Tidak hanya pertahanan, India dan Israel telah berkolaborasi di sektor lain seperti pertanian, teknologi, dan penelitian dan pengembangan. Pada 2003, Ariel Sharon menjadi Perdana Menteri Israel pertama yang mengunjungi India.
Meskipun Sharon harus mempersingkat kunjungannya karena serangan teror di Tel Aviv, Wakil Perdana Menterinya Yosef Lapid menyatakan bahwa: "India dan Israel memiliki hubungan dekat dalam bidang pertahanan dan Israel adalah pemasok senjata terbesar kedua ke India."

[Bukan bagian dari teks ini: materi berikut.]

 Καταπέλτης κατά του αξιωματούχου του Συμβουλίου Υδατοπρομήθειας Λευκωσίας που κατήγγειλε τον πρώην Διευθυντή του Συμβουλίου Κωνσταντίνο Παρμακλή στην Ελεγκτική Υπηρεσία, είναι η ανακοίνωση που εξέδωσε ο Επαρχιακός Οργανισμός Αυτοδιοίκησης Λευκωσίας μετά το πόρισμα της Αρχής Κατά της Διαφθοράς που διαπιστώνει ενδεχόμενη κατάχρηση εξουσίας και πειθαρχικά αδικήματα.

Era baru Modi dan Bibi... baca halaman selanjutnya
Hubungan India-Israel kemudian meroket sejak Perdana Menteri India Narendra Modi naik tampuk pada 2014. Narendra Modi yang basis dukungannya adalah kelompok nasionalis Hindu tak lagi mempertimbangkan perasaan Muslim India seperti para pendahulunya. Selain itu, di masa datang Modi terbukti punya rencana terhadap wilayah Jammu-Kashmir yang masuk bagian India. ia mencabut otonomi khusus daerah itu pada 2019 dan menerapkan darurat militer sejak itu.

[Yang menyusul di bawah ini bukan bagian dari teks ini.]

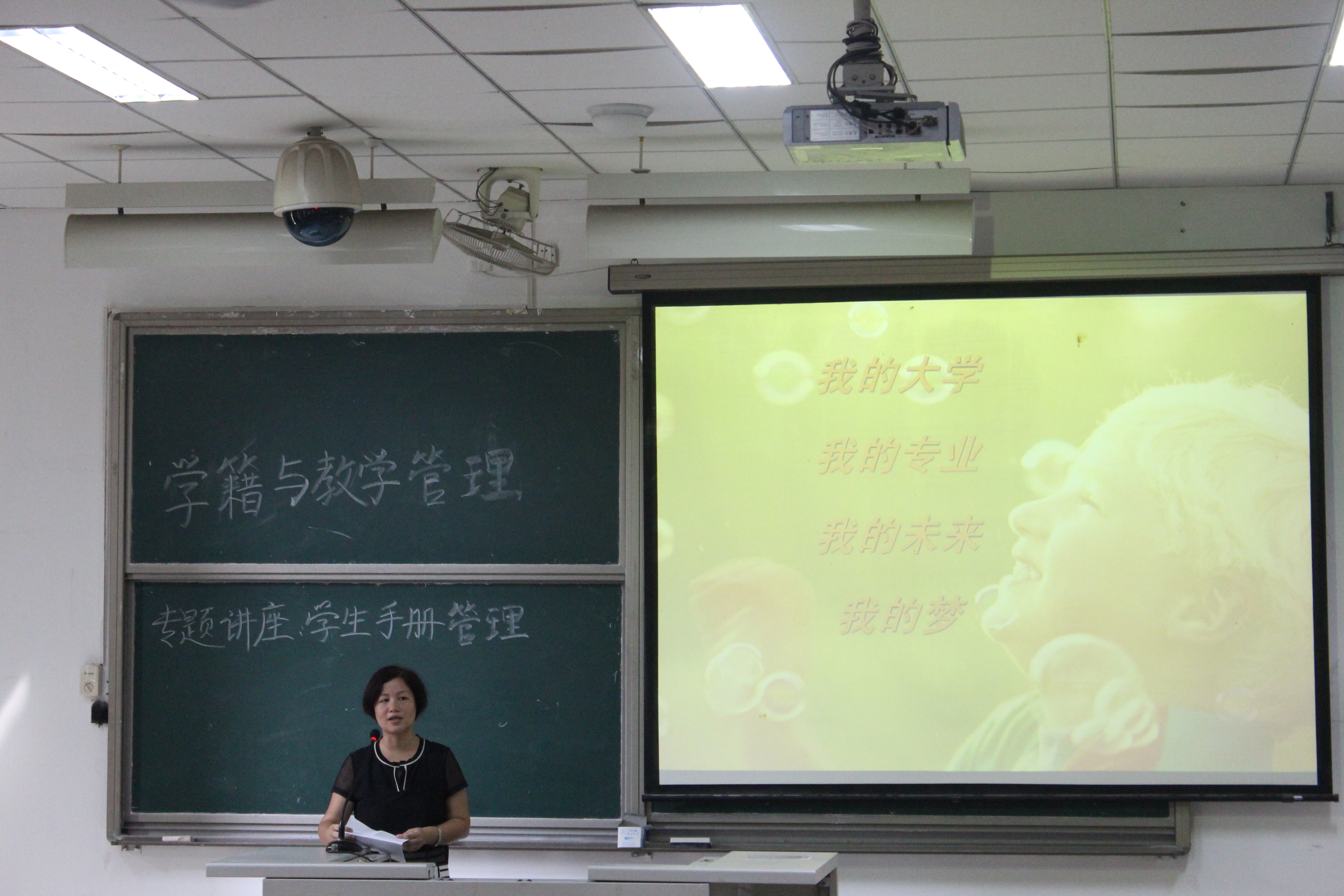 9时,讲座如期开始。梁桂芳老师首先祝贺在坐的各位新生顺利进入大学,并为新生讲解她眼中的大学:大学被誉为知识工厂,社会的知识需求、人力需求乃至思想需求,都在为大学这个工厂下订单。梁桂芳老师提出,希望同学们能够约束自己,在适应的过程中时刻提醒自己来大学是干什么的。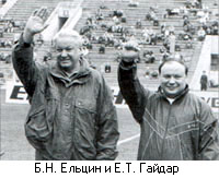 Гайдар Егор Тимурович - российский государственный и политический деятель, экономист. Родился в 1956 г. в Москве, внук известных писателей А.П. Гайдара и П.П. Бажова. Окончил экономический факультет МГУ, доктор экономических наук. С 1980 г. работал во Всесоюзном НИИ системных исследований; ведущий научный сотрудник Института экономики и прогнозирования научно-технического прогресса АН СССР (1985-1987 гг.); редактор отдела журнала "Коммунист" , затем газеты "Правда" (1987-1990 гг.) С 1990 г. директор Института экономической политики Академии народного хозяйства и АН СССР. С ноября 1991 г. заместитель, с 1992 г. 1-й заместитель, в июне - декабре 1992 г. и.о. председателя правительства РФ. Начал осуществление курса на рыночное реформирование российской экономики. С декабря 1992 г. директор Института экономических проблем переходного периода. В сентябре 1993-январе 1994 г. 1-й заместитель председателя правительства РФ, министр экономики. В декабре 1993-декабре 1995 г. лидер фракции "Выбор России" в Государственной думе. С июня 1994 г. председатель партии "Демократический выбор России".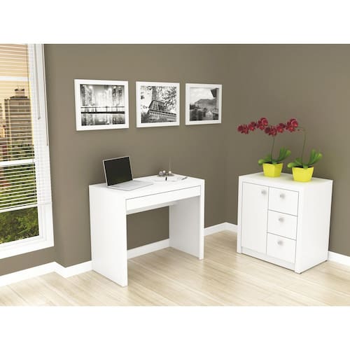 Conjunto para Escritório com Mesa para Computador e Balcão Branco - Tecnomobili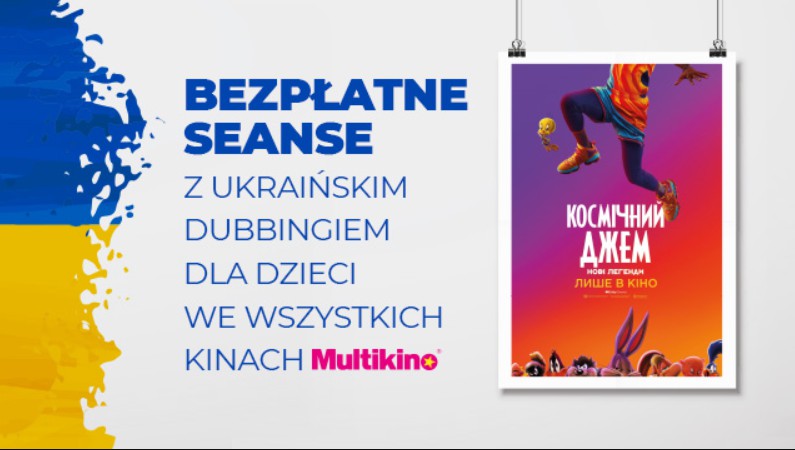 W ostatnich dniach do Polski uciekło kilkaset tysięcy uchodźców. Wśród nich są też dzieci. Wychodząc naprzeciw potrzebom coraz liczniejszej grupy osób z Ukrainy sieci kin Multikino i Cinema3D przygotowały seanse filmowe z ukraińskim dubbingiem. Będą one bezpłatne dla uchodźców z Ukrainy oraz ich opiekunów. Pierwszy film, który będzie można oglądać 12 i 13 marca, to „Kosmiczny mecz: Nowa era”. Wyświetlenie wersji z dubbingiem ukraińskim możliwe jest dzięki pomocy Warner Bros Polska. W kolejne weekendy na widzów z Ukrainy będą czekały inne filmy.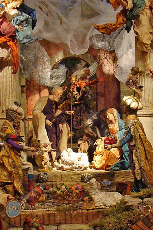 Bajo una ornamentación plateresca, destacan algunas escenas, como el pesebre coronado por una corte de ángeles de gran hermosura, el Cortejo de los Reyes Magos, la banda de músicos turcos que acompaña a sus Majestades los Reyes Magos y la Anunciación de los Pastores. En cuanto a las figuras, la colección de esculturas, propiedad de la Fundación Cajasol en su mayoría, la conforman piezas de 35 centímetros de altura.-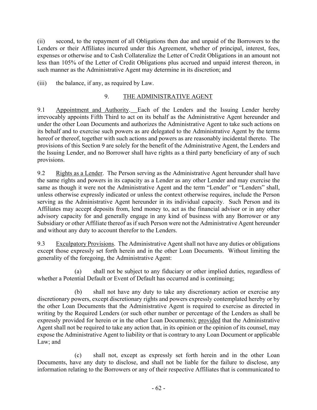 - 62 - (ii) second, to the repayment of all Obligations then due and unpaid of the Borrowers to the Lenders or their Affiliates incurred under this Agreement, whether of principal, interest, fees, expenses or otherwise and to Cash Collateralize the Letter of Credit Obligations in an amount not less than 105% of the Letter of Credit Obligations plus accrued and unpaid interest thereon, in such manner as the Administrative Agent may determine in its discretion; and (iii) the balance, if any, as required by Law. 9. THE ADMINISTRATIVE AGENT 9.1 Appointment and Authority. Each of the Lenders and the Issuing Lender hereby irrevocably appoints Fifth Third to act on its behalf as the Administrative Agent hereunder and under the other Loan Documents and authorizes the Administrative Agent to take such actions on its behalf and to exercise such powers as are delegated to the Administrative Agent by the terms hereof or thereof, together with such actions and powers as are reasonably incidental thereto. The provisions of this Section 9 are solely for the benefit of the Administrative Agent, the Lenders and the Issuing Lender, and no Borrower shall have rights as a third party beneficiary of any of such provisions. 9.2 Rights as a Lender. The Person serving as the Administrative Agent hereunder shall have the same rights and powers in its capacity as a Lender as any other Lender and may exercise the same as though it were not the Administrative Agent and the term “Lender” or “Lenders” shall, unless otherwise expressly indicated or unless the context otherwise requires, include the Person serving as the Administrative Agent hereunder in its individual capacity. Such Person and its Affiliates may accept deposits from, lend money to, act as the financial advisor or in any other advisory capacity for and generally engage in any kind of business with any Borrower or any Subsidiary or other Affiliate thereof as if such Person were not the Administrative Agent hereunder and without any duty to account therefor to the Lenders. 9.3 Exculpatory Provisions. The Administrative Agent shall not have any duties or obligations except those expressly set forth herein and in the other Loan Documents. Without limiting the generality of the foregoing, the Administrative Agent: (a) shall not be subject to any fiduciary or other implied duties, regardless of whether a Potential Default or Event of Default has occurred and is continuing; (b) shall not have any duty to take any discretionary action or exercise any discretionary powers, except discretionary rights and powers expressly contemplated hereby or by the other Loan Documents that the Administrative Agent is required to exercise as directed in writing by the Required Lenders (or such other number or percentage of the Lenders as shall be expressly provided for herein or in the other Loan Documents); provided that the Administrative Agent shall not be required to take any action that, in its opinion or the opinion of its counsel, may expose the Administrative Agent to liability or that is contrary to any Loan Document or applicable Law; and (c) shall not, except as expressly set forth herein and in the other Loan Documents, have any duty to disclose, and shall not be liable for the failure to disclose, any information relating to the Borrowers or any of their respective Affiliates that is communicated to

Ketika Narendra Modi menjadi perdana menteri pada 2014, dia memberikan sentuhan pribadi pada hubungan India-Israel. Bahkan pada 2006, sebagai Ketua Menteri Gujarat, Modi mengunjungi Israel untuk mengikuti pameran Agritech dan memberikan pujian kepada masyarakat dan negara Yahudi.
Secara kebijakan umum, Modi, mempertahankan sikap awal India atas negara Palestina yang merdeka dan berdaulat. Namun, hubungan New Delhi dengan Israel juga mencapai tingkat yang baru. Modi menjadi perdana menteri India pertama yang mengunjungi Israel pada 4 Juli 2017.

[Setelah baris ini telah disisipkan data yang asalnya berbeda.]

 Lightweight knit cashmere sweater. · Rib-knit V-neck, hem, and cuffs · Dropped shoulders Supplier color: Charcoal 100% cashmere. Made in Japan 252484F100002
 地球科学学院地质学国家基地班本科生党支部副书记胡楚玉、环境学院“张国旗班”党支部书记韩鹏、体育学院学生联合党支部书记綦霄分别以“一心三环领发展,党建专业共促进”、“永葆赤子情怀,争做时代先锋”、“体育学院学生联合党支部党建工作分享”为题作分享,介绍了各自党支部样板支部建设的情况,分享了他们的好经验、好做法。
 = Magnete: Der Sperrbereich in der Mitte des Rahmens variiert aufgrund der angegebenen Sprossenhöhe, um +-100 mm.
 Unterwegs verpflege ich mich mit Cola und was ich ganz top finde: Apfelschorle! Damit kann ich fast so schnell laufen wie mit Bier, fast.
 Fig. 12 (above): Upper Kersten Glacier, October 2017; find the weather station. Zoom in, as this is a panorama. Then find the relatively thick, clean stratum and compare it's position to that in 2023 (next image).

India juga tidak bersikap keras terhadap Israel di forum internasional. Hal ini terlihat ketika New Delhi abstain dalam pemungutan suara di Dewan Hak Asasi Manusia PBB yang menyetujui laporan Komisi Penyelidikan Gaza pada Juli 2015. Empat puluh satu negara memilih untuk mengadopsi temuan laporan tersebut, dan India adalah salah satu dari lima negara yang abstain.
Pada 2021, India berpartisipasi dalam debat Dewan Keamanan PBB tentang bentrokan antara Israel dan Hamas.
TS Tirumurti, wakil tetap India untuk PBB saat itu, menegaskan kembali komitmen India yang “tak tergoyahkan” terhadap solusi dua negara. Namun, ia juga “mengutuk” penembakan roket “sembarangan” dari Gaza dan menyebut serangan Israel bersifat “balas dendam” dan bukan tindakan agresi.
Saat Operasi Badai al-Aqsa dilancarkan pejuang Palestina dan kemudian dibalas dengan brutal oleh Israel, Modi menegaskan sikapnya. “Rakyat India berdiri teguh bersama Israel di masa sulit ini. India dengan tegas dan tegas mengutuk terorisme dalam segala bentuk dan manifestasinya,” kata PM Modi dalam postingan media sosial yang mengutuk serangan tersebut.